= Sophus Berendsen =

Sophus Berendsen (16 October 1829 – 18 June 1884) was a Danish founder of Sophus Berendsen A/S (now Berendsen plc).

==Early life and education==
Berendsen was born on 16 October 1829 in Copenhagen, the son of Isak Nathan Berendsen (1782–1852) and Rachel Meyer (1788–1851). He received a thorough commercial education and then worked as a clerk in a trading firm.

==Career==
In 1854, Berendsen established his own firm which traded in iron, steel and glass, initially as a commodity broker but later as an import business. The firm prospered from the building boom that followed in the many new districts that emerged when Copenhagen's fortifications were decommissioned a few years later. Berendsen lived to see it develop into the largest company of its kind in the country.

==Personal life==
Berendsen married Mariane Levin (17 April 1825 – 14 May 1886), a daughter of merchant Assor Levin (1778–1834) and Susanne Cohn (died 1859), on 26 May 1858 in Copenhagen.

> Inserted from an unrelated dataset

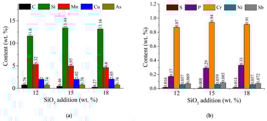 The effect of SiO2 addition to 100% of the Waelz slag on the contents of C, Si, Mn, Cu, As (a) and S, P, Cr, Ni, Sb (b) in the iron-based alloy obtained by the reduction smelting at 1750 °C.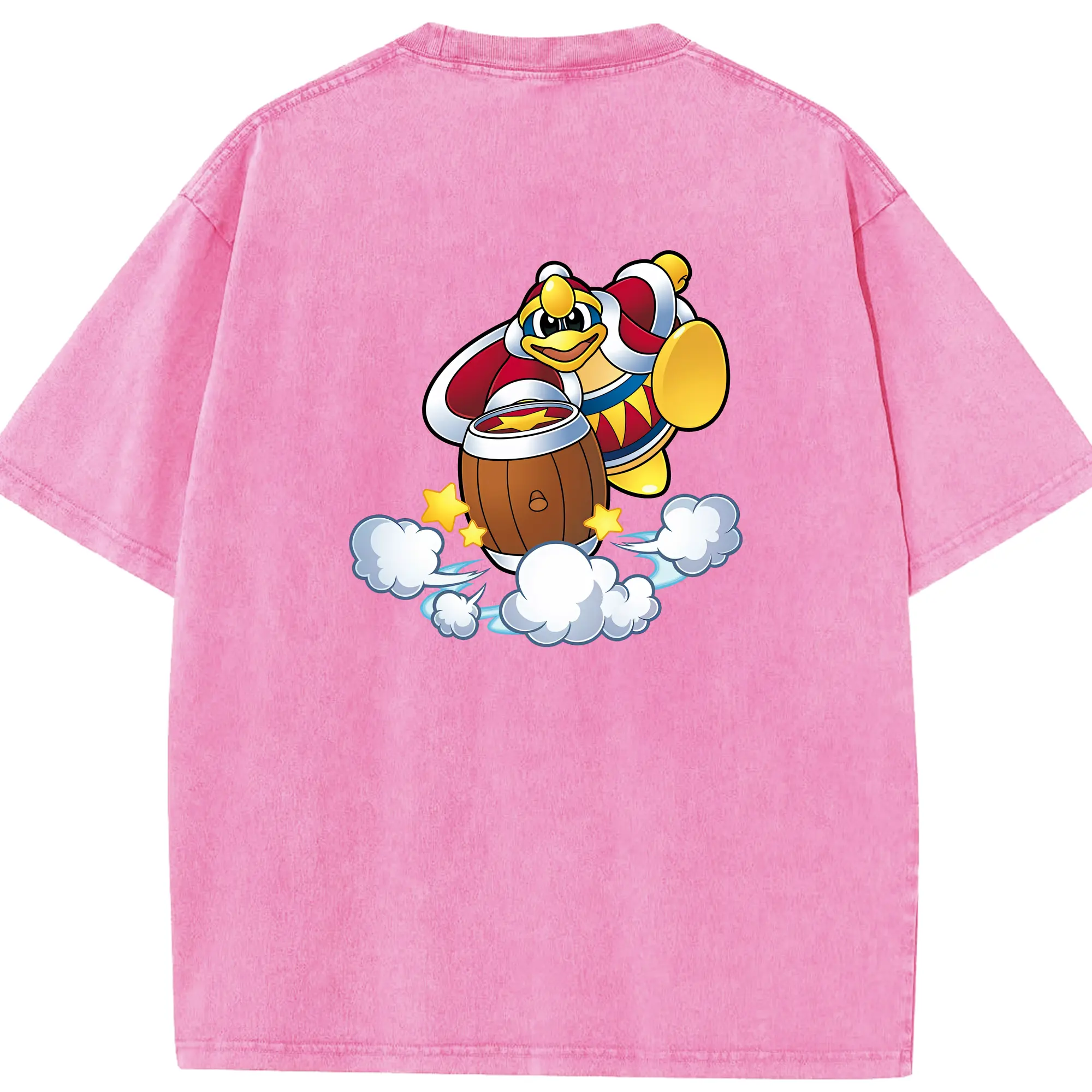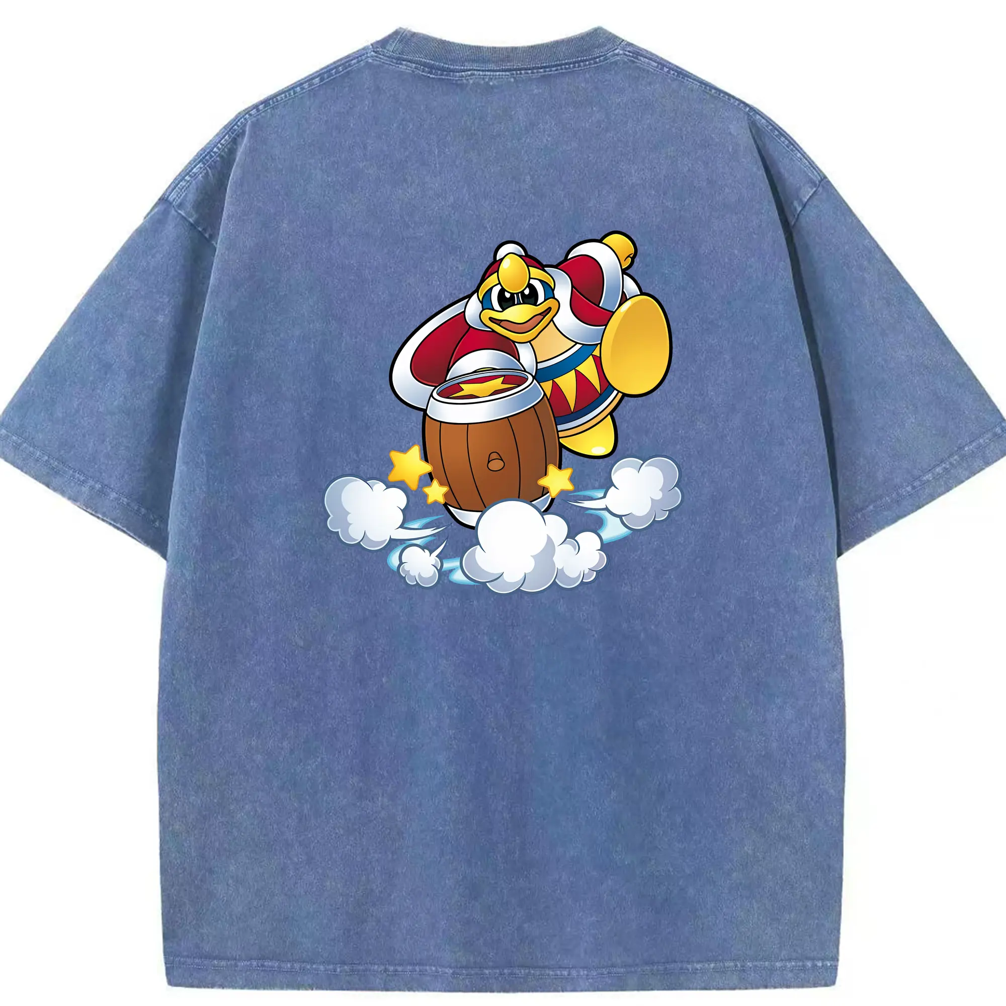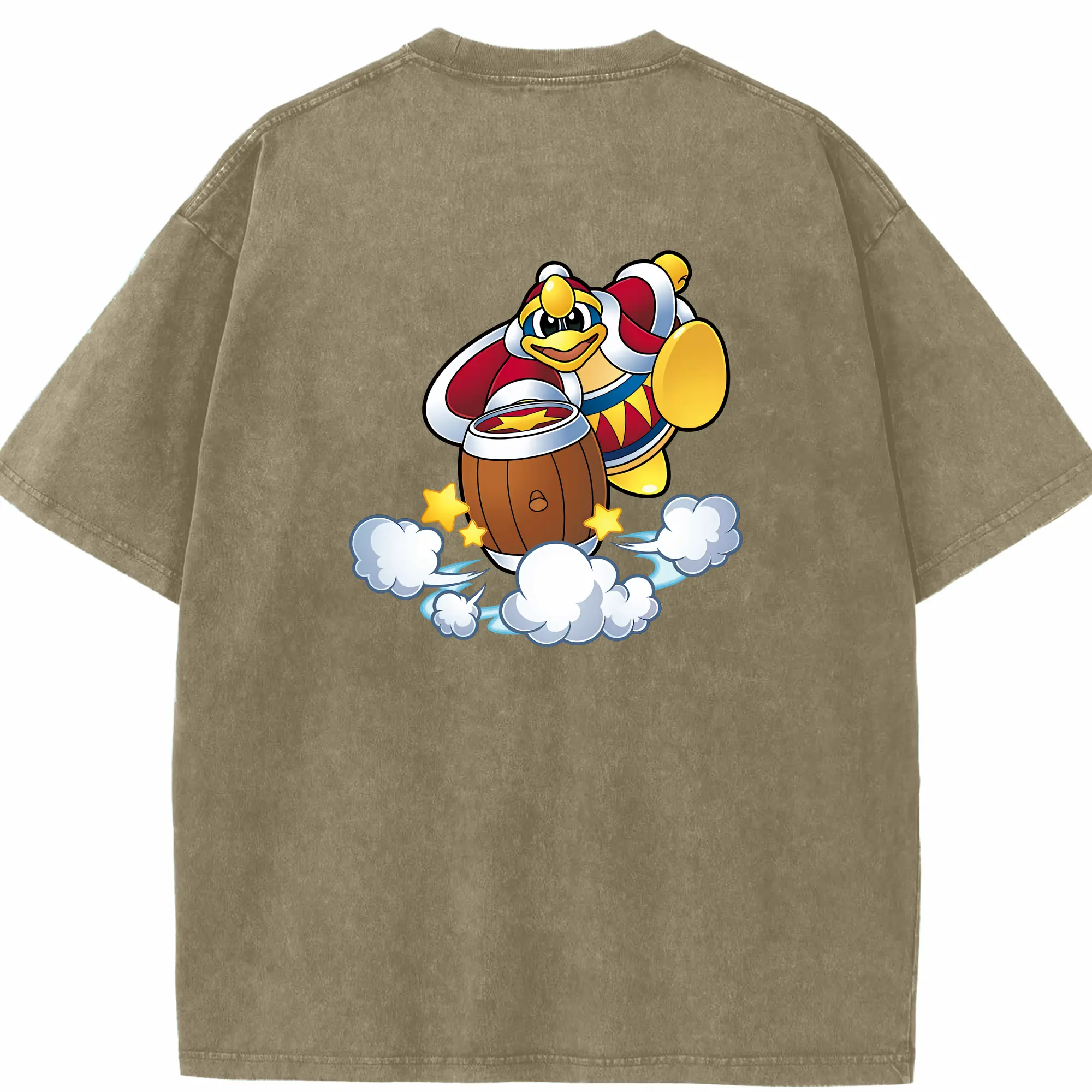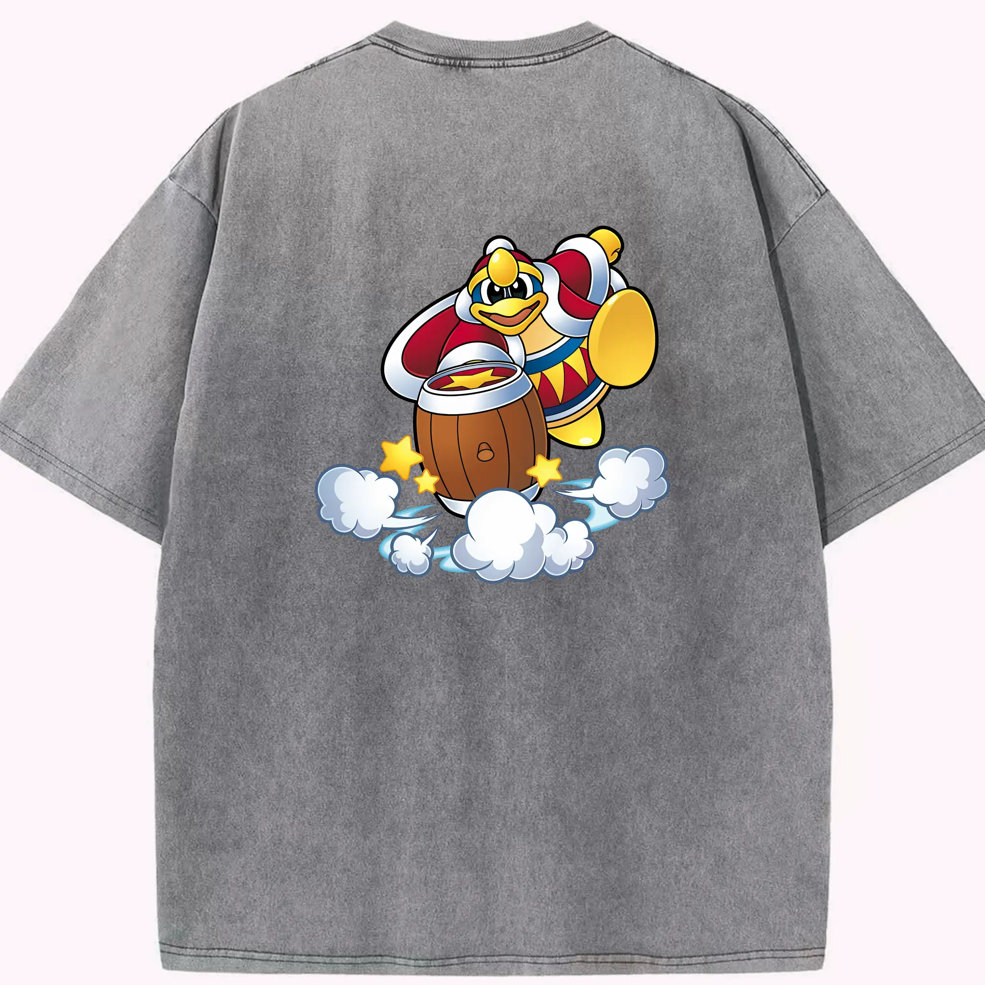 星のカービィ グッズ デデデ大王 - 綿100% ヴィンテージ風 半袖Tシャツ ・ フロントプリント ・ 柔らか肌触り ・ 通気性 快適 ・ スポーツ カジュアル 外出用

Berendsen died on 18 June 1884 in Copenhagen and is buried at the Jewish North Cemetery. The firm was continued by his widow and after her death just two years later by their son Albert Berendsen. It was after his early death just 37 years old in 1897 converted into a family-owned limited company (aktieselskab).

Another son, Ivar Berendsen, was a customs inspector and politician, co-founder of the Danish Social Liberal Party.